Omit the pictures. Transcribe exactly the lines below, from the one with "formal, event, party" up to and including the last.

Given data -
• • •

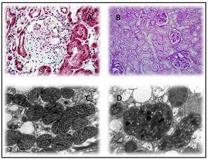 Segundo caso14: mujer de 19 años con antecedentes de HTA, hipoacusia neurosensorial desde la juventud, hipotiroidismo no autoinmune y una maculopatía pigmentada en el fondo de ojo. Sin antecedentes familiares de interés, es remitida a la consulta de nefrología por proteinuria no nefrótica. El estudio realizado que incluye un sedimento urinario sin microhematuria, autoinmunidad y serologías resultó negativo. En ese momento, se realiza una biopsia renal con material insuficiente, por lo que se repite cinco años después. Esta nueva biopsia presenta ocho glomérulos, ópticamente normales, IF sin hallazgos relevantes y con una microscopía electrónica no compatible con enfermedad de Alport, con megamitocondrias que presentan distorsión de las crestas y una matriz interna desestructurada (figura 2 B y figura 2 D). En su tercer embarazo (los dos primeros fueron abortos precoces) desarrolla una diabetes y un síndrome nefrótico masivo. Con el diagnóstico de probable GESF descompensada por el embarazo, se inicia tratamiento con esteroides y tacrolimus, a pesar de lo cual no se consigue un adecuado control del síndrome nefrótico y se evidencia un deterioro de la función renal. Finalmente, se decide interrumpir el embarazo por el sufrimiento fetal y el riesgo vital de la madre. La proteinuria regresó a valores no nefróticos y la función renal se normalizó, suspendiéndose la inmunosupresión. De nuevo, ante la asociación de diabetes, sordera, síndrome nefrótico corticorresistente (SNCR) y maculopatía pigmentada en el fondo de ojo, se solicita estudio genético de enfermedad mitocondrial, que confirma la sospecha clínica.
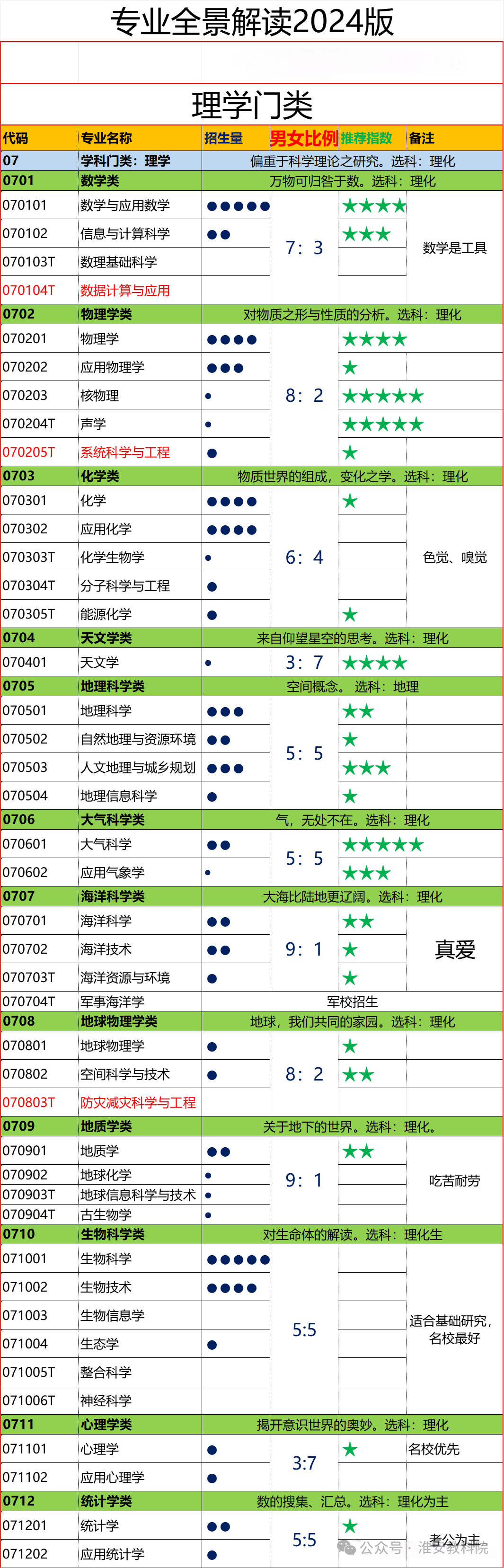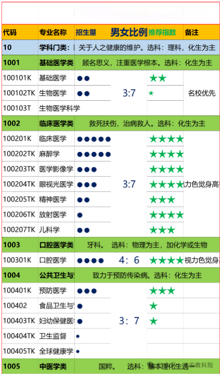 依据为权威统计之各专业(类)男女性别比。
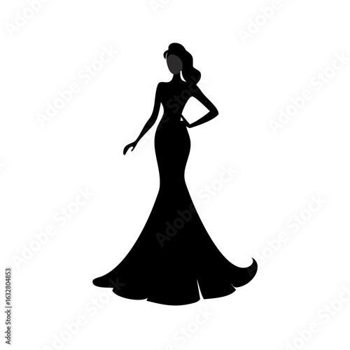 silhouette, woman, elegant, gown, dress, train, hair, black, white, fashion, style, beauty, model, lady, female, figure, pose, chic, glamour, design, art, illustration, vector, clip art, icon, symbol, graphic, drawing, artwork, image, picture, clip, shape, form, outline, contour, bodice, skirt, waist, shoulder, arm, hand, neck, coiffure, curl, wavy, formal, event, party
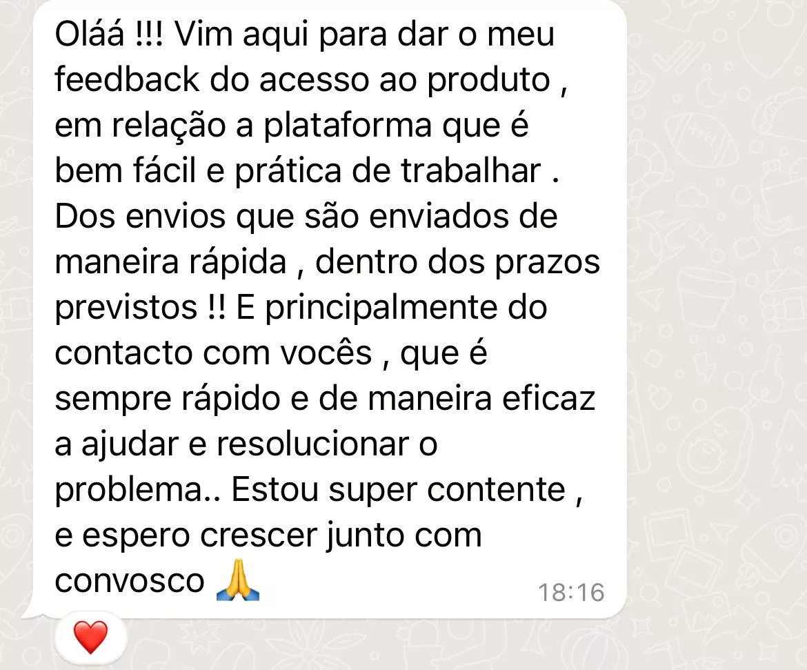 Não teria conseguido fazer isso se não começa-se a vender produtos, encontrando fornecedores certos, e pouco a pouco somando todos os dias para chegar onde estou hoje. E hoje quero dar a você a mesma oportunidade que eu tive lá no começo…

• • •

Result of this task -
 silhouette, woman, elegant, gown, dress, train, hair, black, white, fashion, style, beauty, model, lady, female, figure, pose, chic, glamour, design, art, illustration, vector, clip art, icon, symbol, graphic, drawing, artwork, image, picture, clip, shape, form, outline, contour, bodice, skirt, waist, shoulder, arm, hand, neck, coiffure, curl, wavy, formal, event, party
 Não teria conseguido fazer isso se não começa-se a vender produtos, encontrando fornecedores certos, e pouco a pouco somando todos os dias para chegar onde estou hoje. E hoje quero dar a você a mesma oportunidade que eu tive lá no começo…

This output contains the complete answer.